Your job is to print, exactly, the lines in the data below from the line with "앞서 로그인을 건너뛰었다면" through the line with "The data of", both included, and to omit any picture.

PROVIDED RECORDS:
▬▬▬▬▬▬

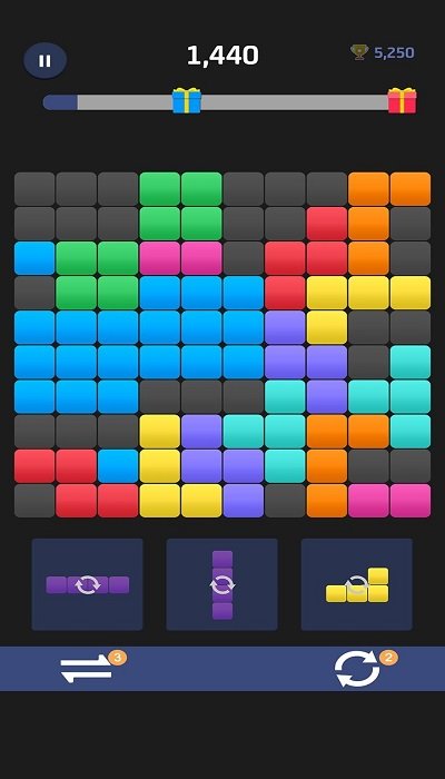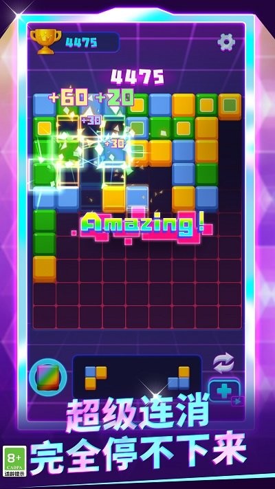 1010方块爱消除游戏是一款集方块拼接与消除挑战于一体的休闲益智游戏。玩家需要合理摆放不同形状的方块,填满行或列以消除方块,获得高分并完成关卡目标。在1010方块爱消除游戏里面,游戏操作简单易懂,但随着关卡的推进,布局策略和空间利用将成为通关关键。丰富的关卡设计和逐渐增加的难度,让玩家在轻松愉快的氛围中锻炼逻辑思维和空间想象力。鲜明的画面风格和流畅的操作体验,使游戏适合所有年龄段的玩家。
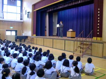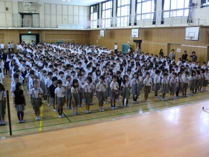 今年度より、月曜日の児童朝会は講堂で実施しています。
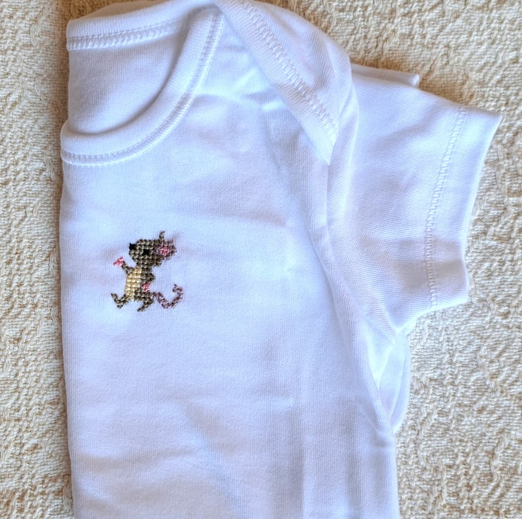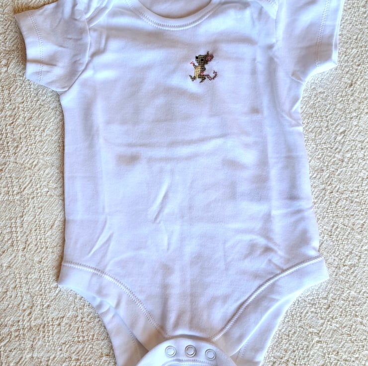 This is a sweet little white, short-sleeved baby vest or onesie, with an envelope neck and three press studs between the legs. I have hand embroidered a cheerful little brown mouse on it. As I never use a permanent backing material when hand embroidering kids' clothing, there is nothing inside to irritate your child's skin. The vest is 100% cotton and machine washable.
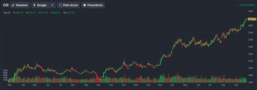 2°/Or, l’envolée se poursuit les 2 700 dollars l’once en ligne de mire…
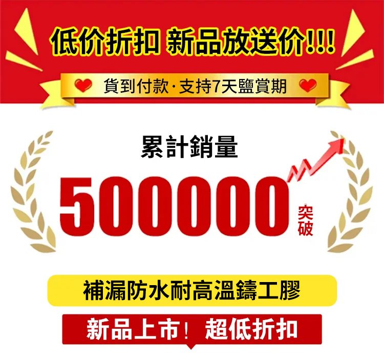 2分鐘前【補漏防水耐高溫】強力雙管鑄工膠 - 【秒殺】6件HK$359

▬▬▬▬▬▬

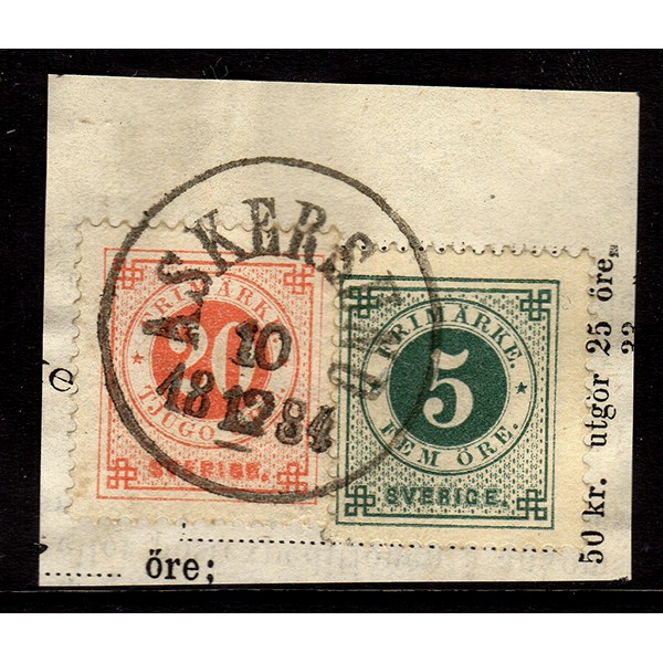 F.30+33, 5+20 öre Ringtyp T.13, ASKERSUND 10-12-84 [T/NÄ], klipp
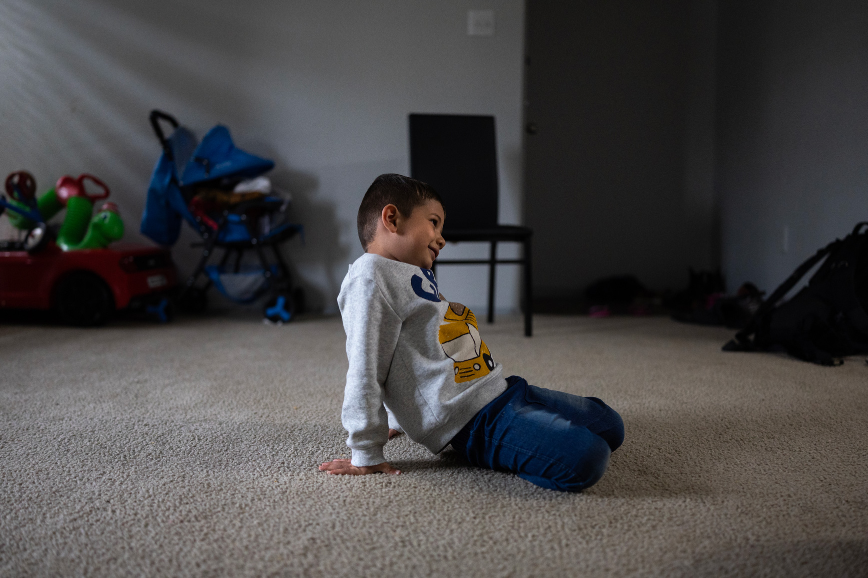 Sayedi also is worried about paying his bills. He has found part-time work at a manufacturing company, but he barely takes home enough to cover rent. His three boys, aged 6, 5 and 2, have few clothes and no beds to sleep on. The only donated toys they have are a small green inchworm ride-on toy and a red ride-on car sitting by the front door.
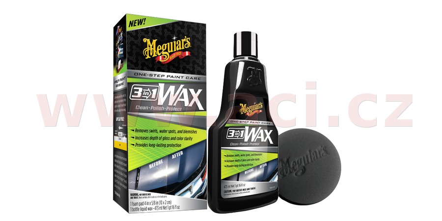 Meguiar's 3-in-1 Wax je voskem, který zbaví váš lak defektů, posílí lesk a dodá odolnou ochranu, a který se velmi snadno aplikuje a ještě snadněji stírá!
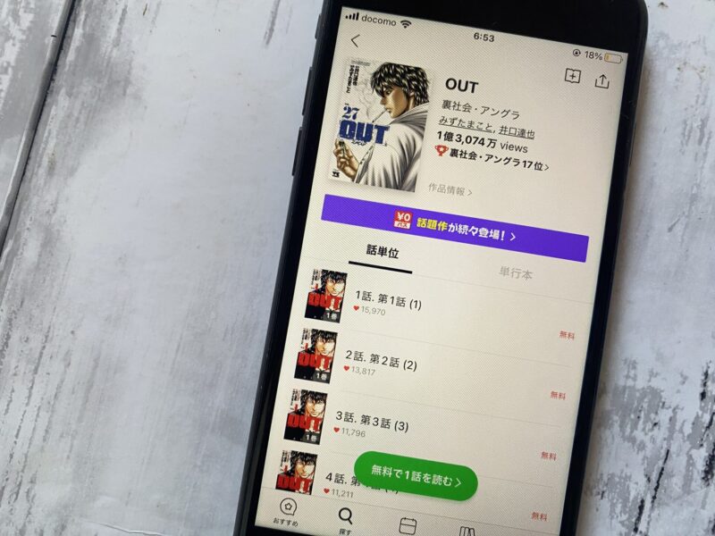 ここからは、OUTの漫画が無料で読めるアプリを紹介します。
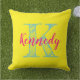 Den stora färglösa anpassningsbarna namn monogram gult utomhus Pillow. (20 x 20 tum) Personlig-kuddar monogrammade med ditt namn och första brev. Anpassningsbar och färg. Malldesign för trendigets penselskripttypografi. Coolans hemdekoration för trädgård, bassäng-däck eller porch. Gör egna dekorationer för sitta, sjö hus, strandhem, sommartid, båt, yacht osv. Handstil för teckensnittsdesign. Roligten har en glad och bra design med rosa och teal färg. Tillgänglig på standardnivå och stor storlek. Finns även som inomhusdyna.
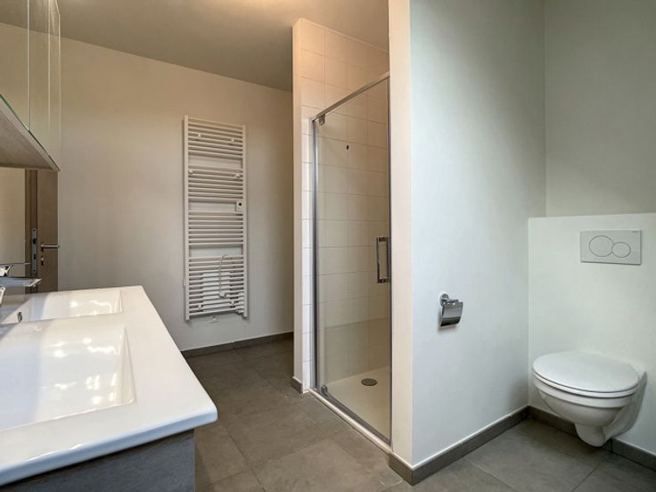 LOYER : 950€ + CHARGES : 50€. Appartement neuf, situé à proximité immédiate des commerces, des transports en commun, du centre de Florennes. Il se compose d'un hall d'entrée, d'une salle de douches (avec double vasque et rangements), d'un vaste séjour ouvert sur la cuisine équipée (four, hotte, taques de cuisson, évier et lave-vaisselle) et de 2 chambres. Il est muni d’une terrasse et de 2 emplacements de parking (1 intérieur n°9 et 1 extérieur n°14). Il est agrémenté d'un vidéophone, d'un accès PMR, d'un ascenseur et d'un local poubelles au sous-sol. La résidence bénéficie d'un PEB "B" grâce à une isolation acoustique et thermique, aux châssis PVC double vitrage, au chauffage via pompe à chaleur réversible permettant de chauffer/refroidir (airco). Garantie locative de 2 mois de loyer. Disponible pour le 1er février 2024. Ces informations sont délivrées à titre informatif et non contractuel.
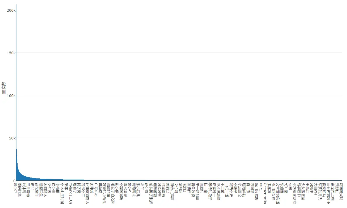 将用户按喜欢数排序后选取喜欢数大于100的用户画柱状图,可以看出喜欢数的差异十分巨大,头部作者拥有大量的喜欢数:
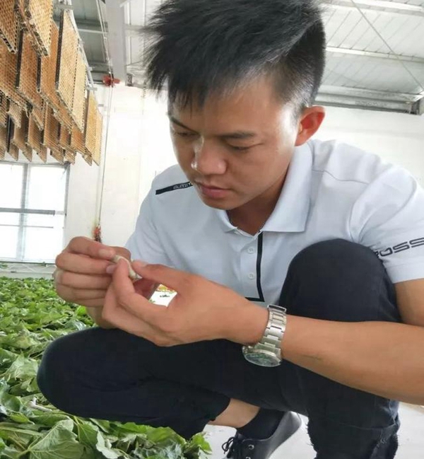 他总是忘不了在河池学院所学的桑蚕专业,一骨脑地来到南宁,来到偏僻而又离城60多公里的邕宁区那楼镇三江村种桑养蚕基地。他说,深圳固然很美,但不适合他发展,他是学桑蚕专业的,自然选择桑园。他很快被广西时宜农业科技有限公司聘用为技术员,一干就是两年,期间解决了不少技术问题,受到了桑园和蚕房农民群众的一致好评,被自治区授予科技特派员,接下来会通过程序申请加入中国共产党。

▬▬▬▬▬▬

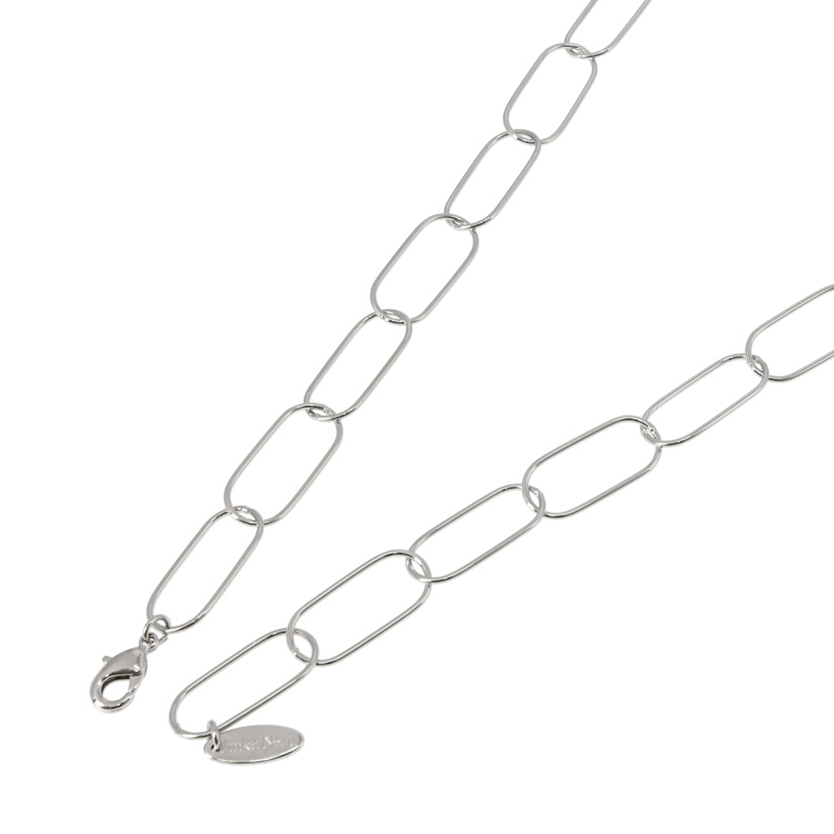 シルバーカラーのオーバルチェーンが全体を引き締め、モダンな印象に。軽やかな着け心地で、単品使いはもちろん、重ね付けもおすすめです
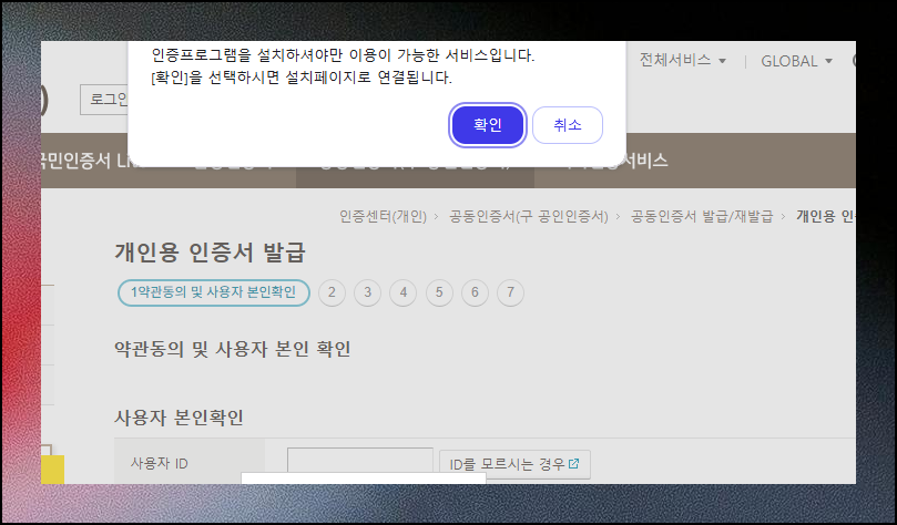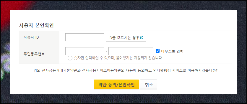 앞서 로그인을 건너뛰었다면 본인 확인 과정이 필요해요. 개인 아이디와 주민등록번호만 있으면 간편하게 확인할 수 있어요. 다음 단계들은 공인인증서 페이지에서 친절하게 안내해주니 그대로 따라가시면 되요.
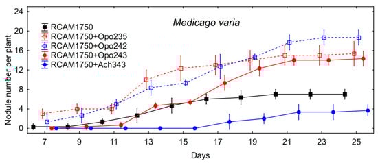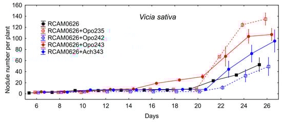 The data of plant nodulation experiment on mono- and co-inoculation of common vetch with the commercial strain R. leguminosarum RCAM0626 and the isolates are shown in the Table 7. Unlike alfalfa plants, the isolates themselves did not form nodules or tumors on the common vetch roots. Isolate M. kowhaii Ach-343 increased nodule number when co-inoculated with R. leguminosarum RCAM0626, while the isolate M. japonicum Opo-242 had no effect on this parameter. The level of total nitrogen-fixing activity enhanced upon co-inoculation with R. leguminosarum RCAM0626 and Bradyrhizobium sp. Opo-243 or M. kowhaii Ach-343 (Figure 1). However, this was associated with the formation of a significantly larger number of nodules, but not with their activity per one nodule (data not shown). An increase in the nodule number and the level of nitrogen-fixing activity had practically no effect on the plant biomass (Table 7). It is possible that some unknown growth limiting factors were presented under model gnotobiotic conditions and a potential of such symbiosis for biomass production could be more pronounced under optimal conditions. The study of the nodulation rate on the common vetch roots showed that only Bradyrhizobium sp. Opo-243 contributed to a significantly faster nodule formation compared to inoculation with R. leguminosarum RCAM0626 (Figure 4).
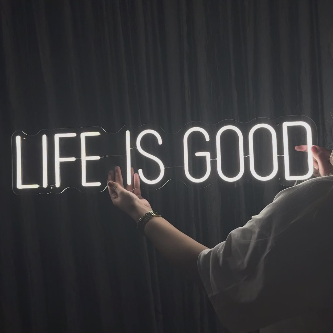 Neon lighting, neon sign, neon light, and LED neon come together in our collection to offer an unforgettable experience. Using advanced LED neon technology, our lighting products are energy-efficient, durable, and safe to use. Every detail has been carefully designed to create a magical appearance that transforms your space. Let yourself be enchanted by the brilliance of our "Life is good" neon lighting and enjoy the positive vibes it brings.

▬▬▬▬▬▬

ANSWER TO THIS PROBLEM:
 앞서 로그인을 건너뛰었다면 본인 확인 과정이 필요해요. 개인 아이디와 주민등록번호만 있으면 간편하게 확인할 수 있어요. 다음 단계들은 공인인증서 페이지에서 친절하게 안내해주니 그대로 따라가시면 되요.
 The data of plant nodulation experiment on mono- and co-inoculation of common vetch with the commercial strain R. leguminosarum RCAM0626 and the isolates are shown in the Table 7. Unlike alfalfa plants, the isolates themselves did not form nodules or tumors on the common vetch roots. Isolate M. kowhaii Ach-343 increased nodule number when co-inoculated with R. leguminosarum RCAM0626, while the isolate M. japonicum Opo-242 had no effect on this parameter. The level of total nitrogen-fixing activity enhanced upon co-inoculation with R. leguminosarum RCAM0626 and Bradyrhizobium sp. Opo-243 or M. kowhaii Ach-343 (Figure 1). However, this was associated with the formation of a significantly larger number of nodules, but not with their activity per one nodule (data not shown). An increase in the nodule number and the level of nitrogen-fixing activity had practically no effect on the plant biomass (Table 7). It is possible that some unknown growth limiting factors were presented under model gnotobiotic conditions and a potential of such symbiosis for biomass production could be more pronounced under optimal conditions. The study of the nodulation rate on the common vetch roots showed that only Bradyrhizobium sp. Opo-243 contributed to a significantly faster nodule formation compared to inoculation with R. leguminosarum RCAM0626 (Figure 4).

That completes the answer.